- Born: 12 February 1916 Andrushivka, Russian Empire (now Ukraine)
- Died: 6 June 1986 (aged 70) Kiev, Soviet Union (now Ukraine)
- Occupations: Journalist and writer

= Valentyn Rechmedin =

Ukrainian journalist and writer

Valentyn Ostapovych Rechmedin (Валентин Остапович Речмедін, Валентин Остапович Речмедин; 12 February 1916 – 6 June 1986) was a Ukrainian journalist and writer.

== Biography ==
He grew up in the village of Andrushivka in present Pohrebyshche Raion, Vinnytsia Oblast (province), where his father was a teacher.

After studies at Uman Cooperative Technicum (Уманський кооперативний технікум) he started his career as a journalist in 1934 at Molodyi Bilshovyk (Молодий Бiльшовик) in Vinnytsia. In 1939 he started to work at Vilna Ukraïna (Вільна Україна) and later at Leninska Molod (Ленінска Молодь) in Lviv.

Valentyn remained in Ukraine also after the German invasion of the Soviet Union in the summer of 1941. Later he became active in the Soviet partisan movement in the Vinnytsia area. In his partisan group he edited its Partyzanska Pravda. After the war he was awarded the Order of the Red Star.

After World War II he moved to Kiev where he worked at the newspapers Radianska Ukraïna, Literaturna Ukraïna (as deputy chief editor) and Kultura i zhyttia (as chief editor) and the magazine Vitchyzna (as deputy chief editor from 1963).

Valentyn started to write novels after the war. The stories were often based on his own experiences during the war. He always wrote in the Ukrainian language, but several books have been translated into Russian.

Valentyn was also a well-known drama and literary critic.

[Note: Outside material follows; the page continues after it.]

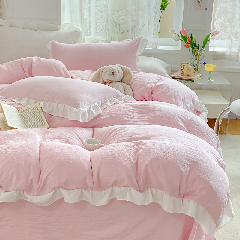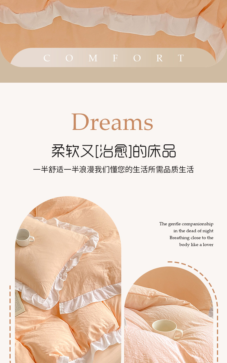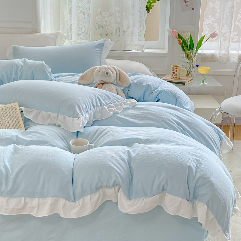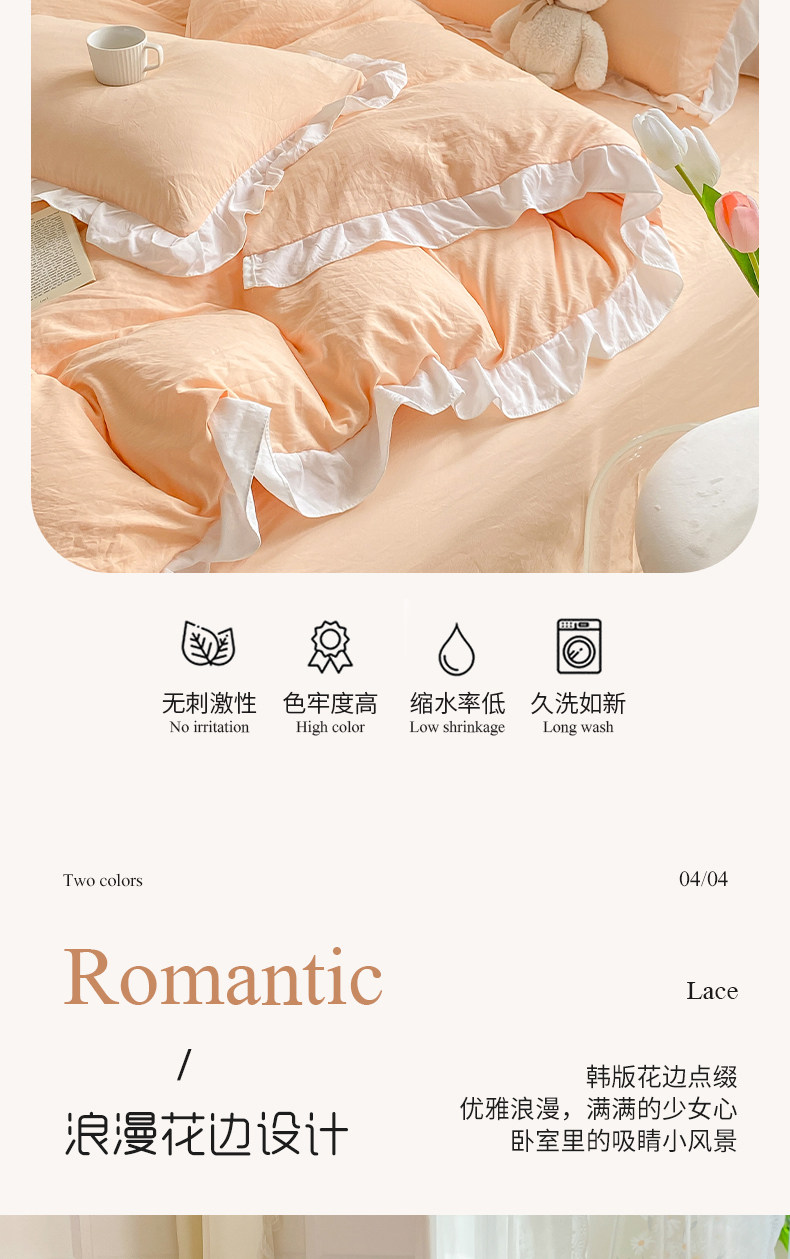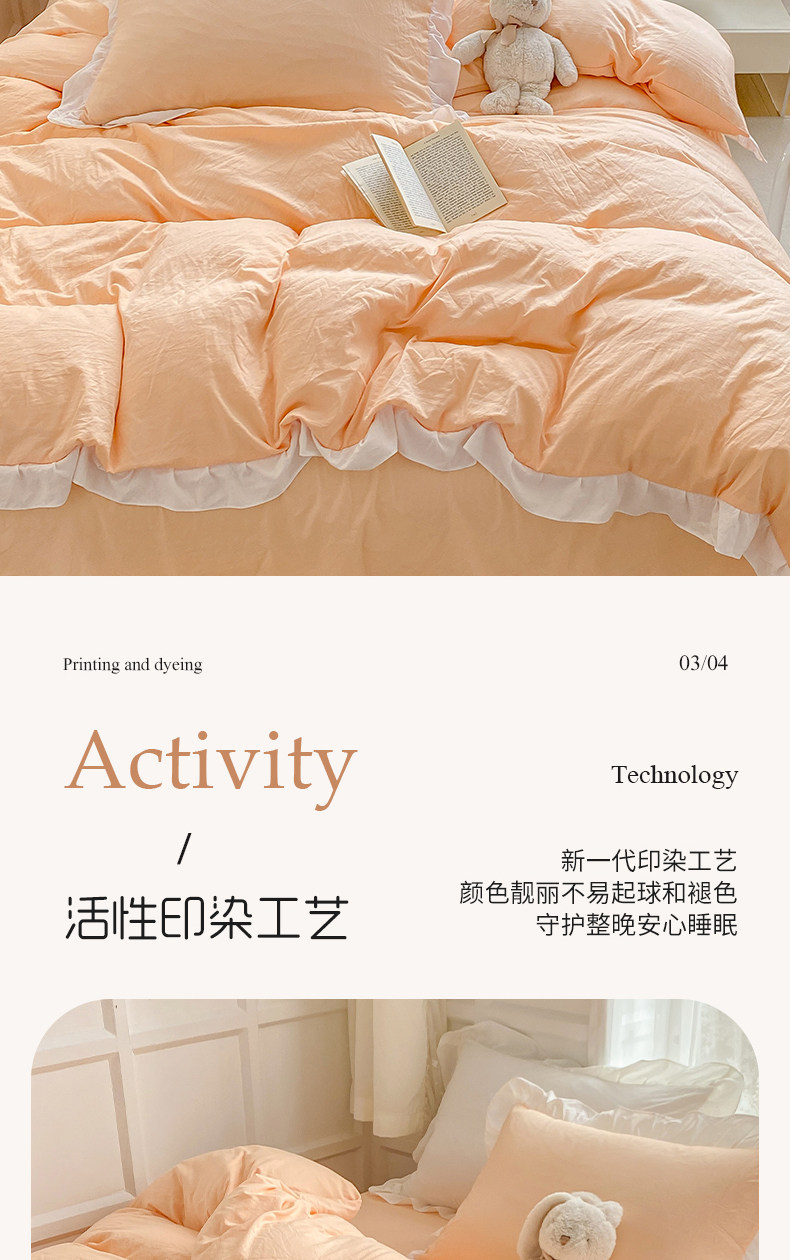公主風水洗棉純色床單被套四件套花邊床上用品大學生宿捨三件套女

In one of his literary critiques of Mykhailo Stelmakh published in May 1972, Rechmedin noted: "The older generation sees itself in the heroes of Velyka ridnya, Krov lyudska - ne vodytsia, Pravda i Kryvda, Khlib i sil those who had their souls scarred with disaster, poverty, hard work and injustice.

==Bibliography==

- 1951 Na verkhovyni
- 1958 Koly zakypala krov
- 1960 Viter z berehiv iunosty
- 1960 Vidchynyv u svit ya dveri...
- 1961 Vesniani hrozy
- 1962 Tvii pobratym. Romantychna istoria.
- 1965 Khodimo zi mnoiu, synu!
- 1967 Divchyna v ternovomu vinku
- 1971 Vohon batkovykh ran
- 1974 Narodzhennia Afrodity
- 1975 Pora piznikh dorih
- 1979 Za vesnoiu vesna
- 1983 Navpereimy doli
- 1986 Vybrani tvory (Koly zakypala krov & Khodimo zi mnoiu, synu!)